I am in awe of so many of my colleagues, practicing nurses who gift their skills, heart, and energy to patients. Their practice of caritas is far beyond the monetary exchange for which they are contracted as RN or NP.
One of these nurses, a new RN, Facebooked a comment on her day and it was so powerful a statement to me that I asked her for permission to share it. I sent this 'Midweek Encouragement' out to my student nurses, and am sharing it here, by permission of Grace who also provided a gentle encouragement for me to update my blog! (Thank you!)
Psalms
Chapter 13
How long must I carry sorrow in my soul, grief in my heart day after day?
How long will my enemy triumph over me?
Look upon me, answer me, LORD, my God!
Give light to my eyes lest I sleep in death,
Lest my enemy say, "I have prevailed," lest my foes rejoice at my downfall.
So many times we think that a smile must be on our face in order for us to demonstrate that we are ‘victorious’ Christians. However, God is not impressed by our ability to look happy even when our hearts are breaking. As nurses, we strive to be professional and upbeat, not to let our personal pain show through to our patients and in the workplace. This is well and good! To be a professional nurse, we recognize that we are there first and foremost to do our job as nurses, not air our private miseries! However, as nurses, often in our professional work grief is the honest and authentic place to be. This often feels problematic for nurses of faith, because we understand the spiritual dimension that is at the heart’s gate, the center point of the person and very much tied in with emotions.

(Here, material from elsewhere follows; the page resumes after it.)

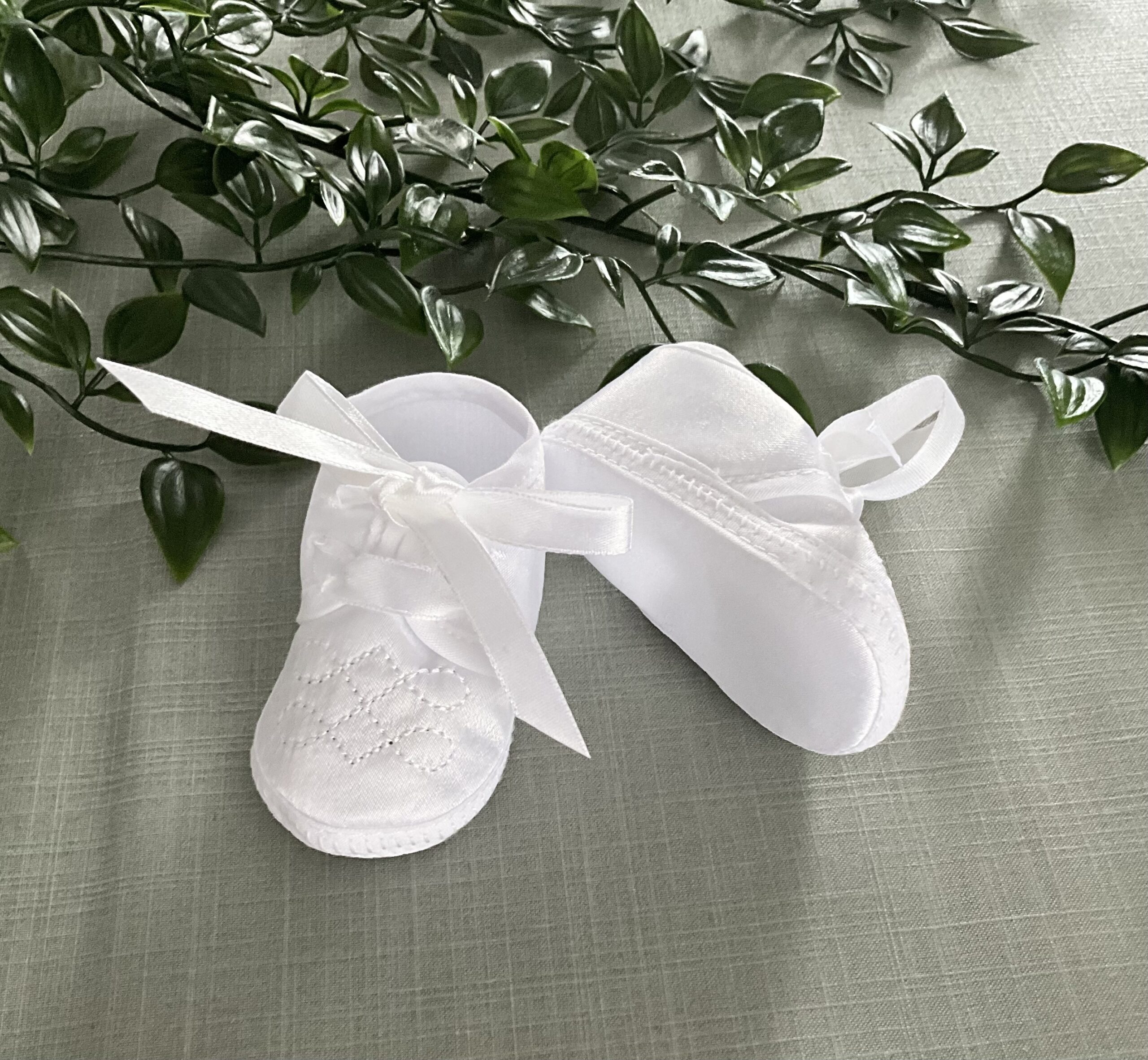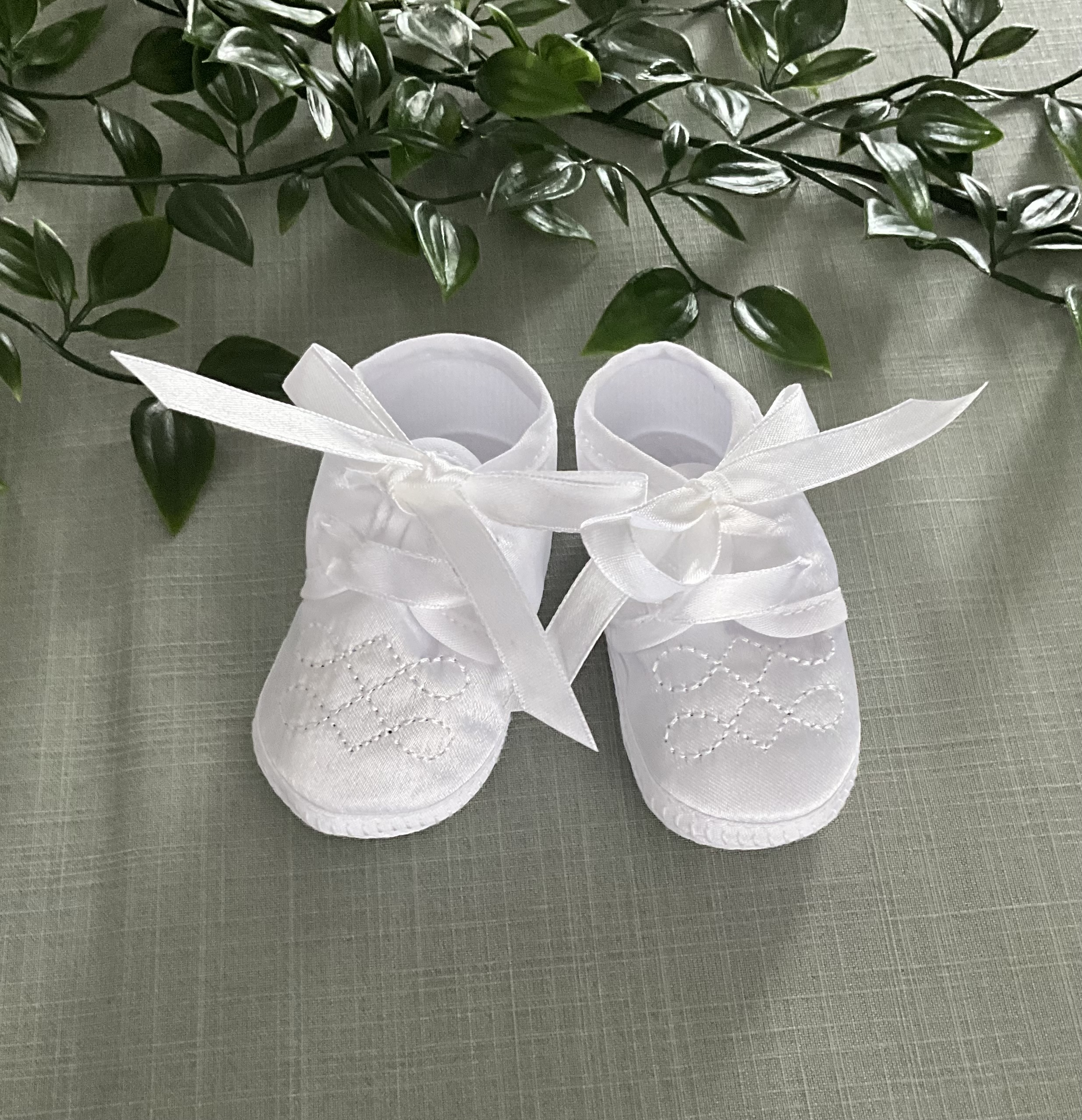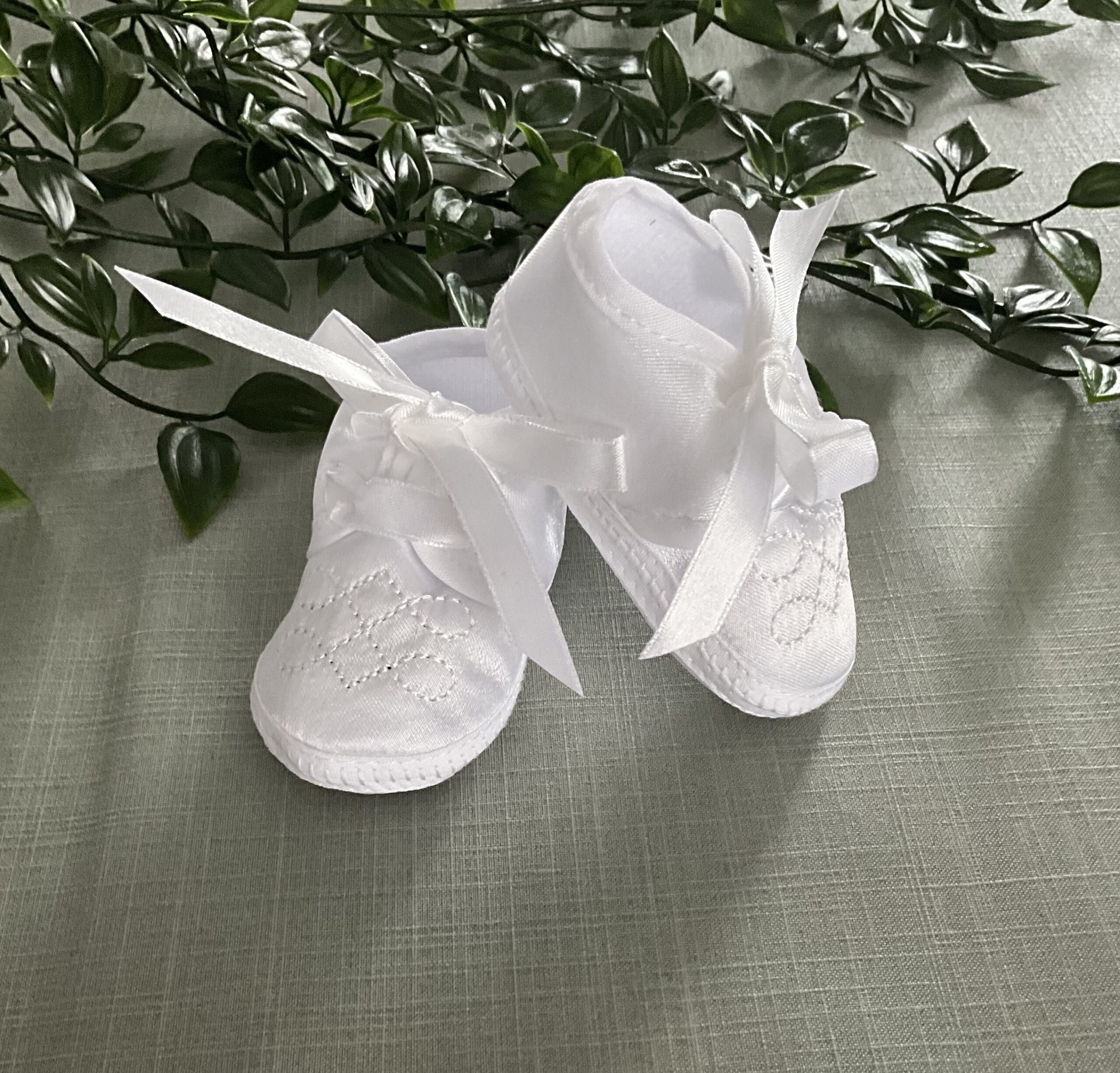 Nýtt – Skírnarskór – satín – hvítir með mynstri á rist

The following was written by a TWU nursing grad. I asked her for permission to share this because I think it shows that being authentic and being professional is possible! I also think it demonstrates how God uses our honesty and redeems our grief.

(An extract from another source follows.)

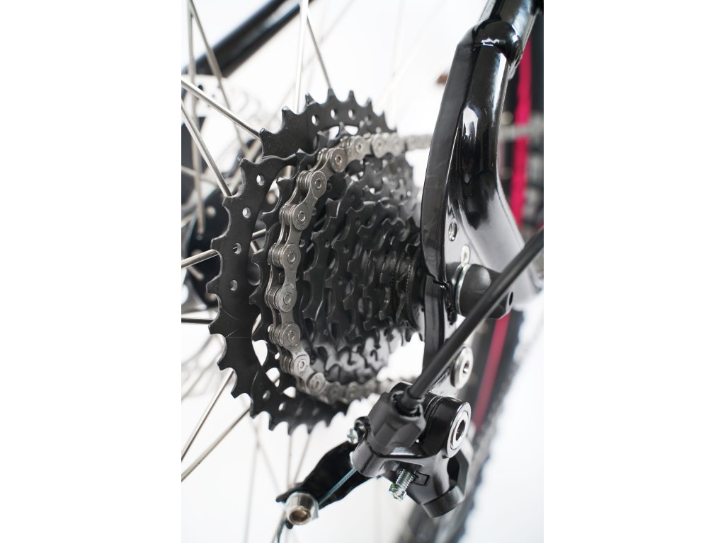 Rower elektryczny LOVELEC Sargo jest wyposażony w 9-biegową przerzutkę tylną Shimano Alivio, która pozwala na bezproblemową i szybką zmianę przełożeń w celu zwiększenia komfortu podczas jazdy. Prowadnica łańcucha (chain guide) zapobiega spadaniu łańcucha z przedniej zębatki, co jest bardzo pomocne podczas jazdy w wyboistym terenie.

God's immeasurable love for me inspires me to love and care for my patients as He does for me every day. Each day, I hope that my patients experience God's love and that my care for them is adequate. Today is just one of those days when I question myself - am I doing enough for them? My emotions for one of my patients who passed away affected my care for the rest of my patients. Tears started falling as I was feeding another patient. This patient, who has severe dementia and is non-verbal, started tearing too. What I learned today is emotions are also gifts from God and break through any barriers between humans and also between God and His creations (Grace, TWU Nursing Grad, 2010)
Thank you, Grace, for sharing this moment with us! How amazing that our Redeemer can create a bridge between souls out of tears.
Blessings on the rest of your week, nurses!
What a powerful lesson. Thank you so much for sharing with us.